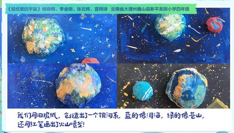 四位小學生用舊報紙、顏料創作出了一個“銀河系”,他們給自己的作品配文:“藍的像洱海,綠的像蒼山,還用紅筆畫出了火山噴發!”
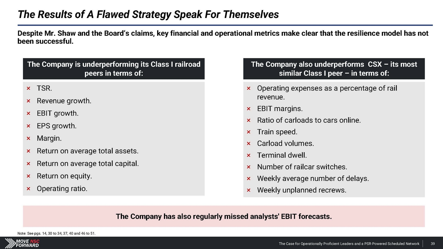 Our Solution: Take the Steps to Enable PSR Implementation at Norfolk Southern First : Leadership (CEO and Board) must acknowledge the need for a change in the strategy: • Management has rejected our case for change (though recent actions appear to acknowledge that change is needed). • The Board refuses to hold management to account for its underperformance. • To change Norfolk Southern’s strategy, a majority of the Board must be reconstituted, so that the new Board can get the right management team in place to implement PSR. Second : Norfolk Southern’s team must embrace the most important ingredients of PSR implementation: • Culture that prioritizes the network • Intensity • Engagement • Passion • Experience and teamwork • A sense of urgency • Attention to the details: daily metrics and failures, focus on employees and assets and ensuring quality service for customers Retraining Norfolk Southern’s employees to prioritize these ingredients requires a new management team, which can only be accomplished with a majority of the Board. The Case for Operationally Proficient Leaders and a PSR - Powered Scheduled Network 138
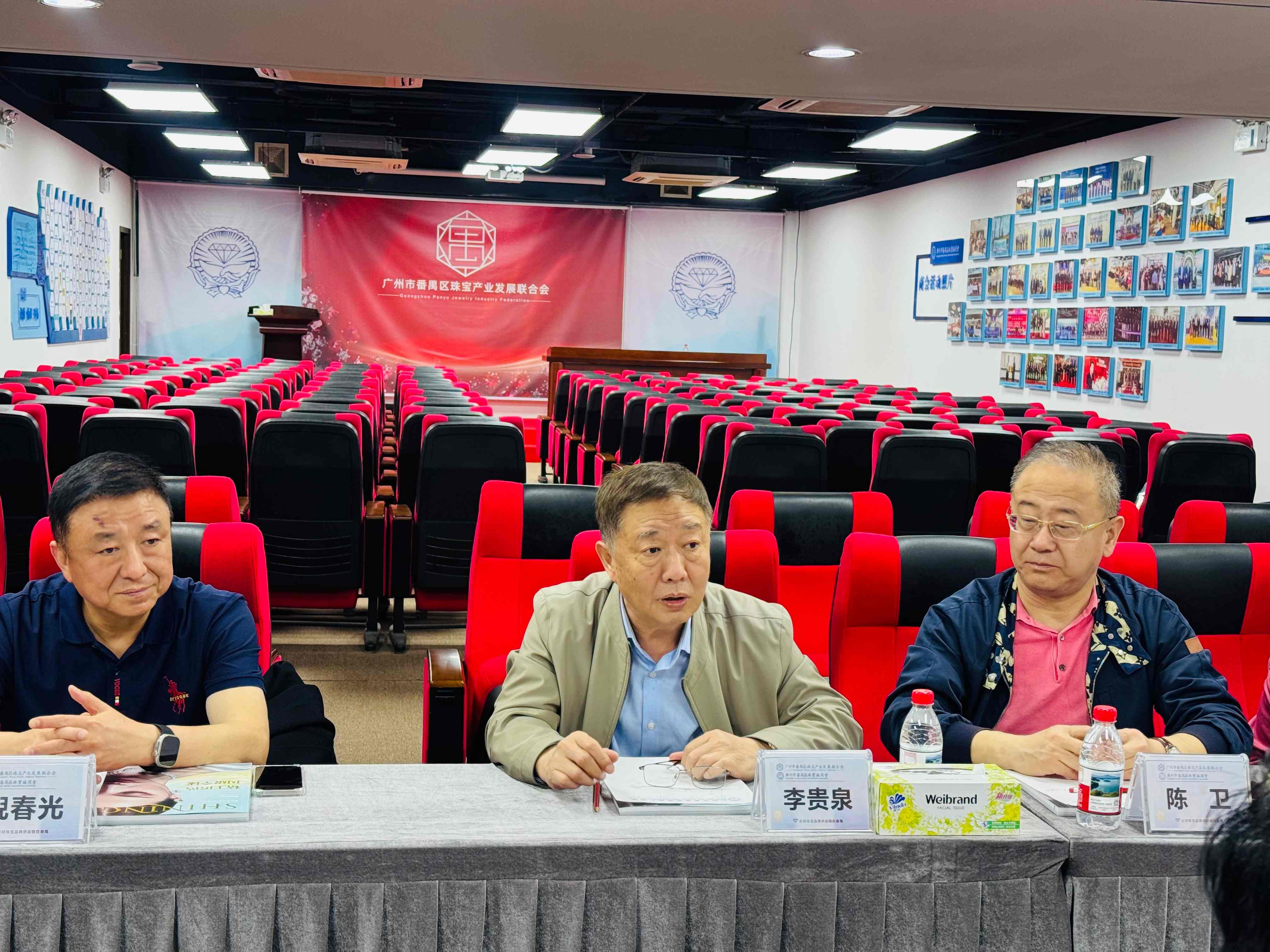 天津市黄金珠宝行业协会代表团由副会长兼秘书长李贵泉带队,成员包括副秘书长倪春光、副秘书长兼宝玉石文化分会秘书长陈卫,以及天津珠宝街有限公司总经理刘树霖、颐源珠宝经理王毅、君枫珠宝经理杨芳等企业代表。番禺区珠宝厂商会会长黄建民、秘书长简海琪及本地企业代表共同参与交流。
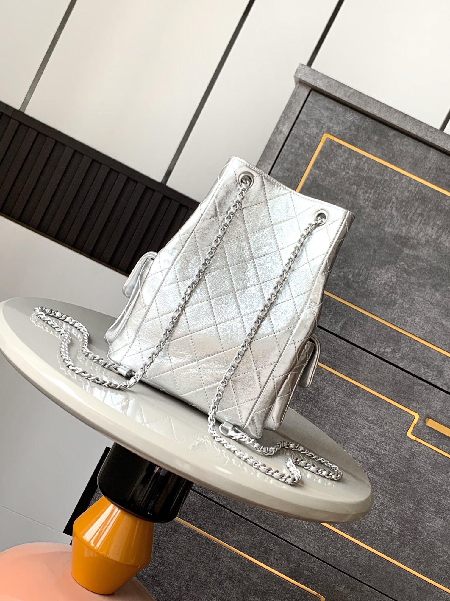950 crystal silver OHANEL duma bucket backpack! 25C’s latest model is back in the world, little melon~Guaguagua~Who bought it? Polished lambskin + gold metal hardware, slim shape and two slip pockets make it more handsome and attractive. bag~ I have to say it’s cute and I still like it🤩~ The real thing is great~ The capacity is very touching~ I’m going to give it a try~_25 early spring vacation series black gold rhombus sheepskin, durable and eye-catching, the shoulder straps are still leather chain style ️ portable ️ single room ️ double shoulder 🫶! It can hold a lot of items and is versatile and retro. Don’t you love this beautiful and practical backpack? A must buy~ Size: 3
──────────────────────────────
**INSTRUCTIONS TO FOLLOW**. The material is to be reproduced verbatim, and no picture may appear in the copy.

**RESPONSE TO THIS EXERCISE**.
 四位小學生用舊報紙、顏料創作出了一個“銀河系”,他們給自己的作品配文:“藍的像洱海,綠的像蒼山,還用紅筆畫出了火山噴發!”
 Our Solution: Take the Steps to Enable PSR Implementation at Norfolk Southern First : Leadership (CEO and Board) must acknowledge the need for a change in the strategy: • Management has rejected our case for change (though recent actions appear to acknowledge that change is needed). • The Board refuses to hold management to account for its underperformance. • To change Norfolk Southern’s strategy, a majority of the Board must be reconstituted, so that the new Board can get the right management team in place to implement PSR. Second : Norfolk Southern’s team must embrace the most important ingredients of PSR implementation: • Culture that prioritizes the network • Intensity • Engagement • Passion • Experience and teamwork • A sense of urgency • Attention to the details: daily metrics and failures, focus on employees and assets and ensuring quality service for customers Retraining Norfolk Southern’s employees to prioritize these ingredients requires a new management team, which can only be accomplished with a majority of the Board. The Case for Operationally Proficient Leaders and a PSR - Powered Scheduled Network 138
 天津市黄金珠宝行业协会代表团由副会长兼秘书长李贵泉带队,成员包括副秘书长倪春光、副秘书长兼宝玉石文化分会秘书长陈卫,以及天津珠宝街有限公司总经理刘树霖、颐源珠宝经理王毅、君枫珠宝经理杨芳等企业代表。番禺区珠宝厂商会会长黄建民、秘书长简海琪及本地企业代表共同参与交流。
950 crystal silver OHANEL duma bucket backpack! 25C’s latest model is back in the world, little melon~Guaguagua~Who bought it? Polished lambskin + gold metal hardware, slim shape and two slip pockets make it more handsome and attractive. bag~ I have to say it’s cute and I still like it🤩~ The real thing is great~ The capacity is very touching~ I’m going to give it a try~_25 early spring vacation series black gold rhombus sheepskin, durable and eye-catching, the shoulder straps are still leather chain style ️ portable ️ single room ️ double shoulder 🫶! It can hold a lot of items and is versatile and retro. Don’t you love this beautiful and practical backpack? A must buy~ Size: 3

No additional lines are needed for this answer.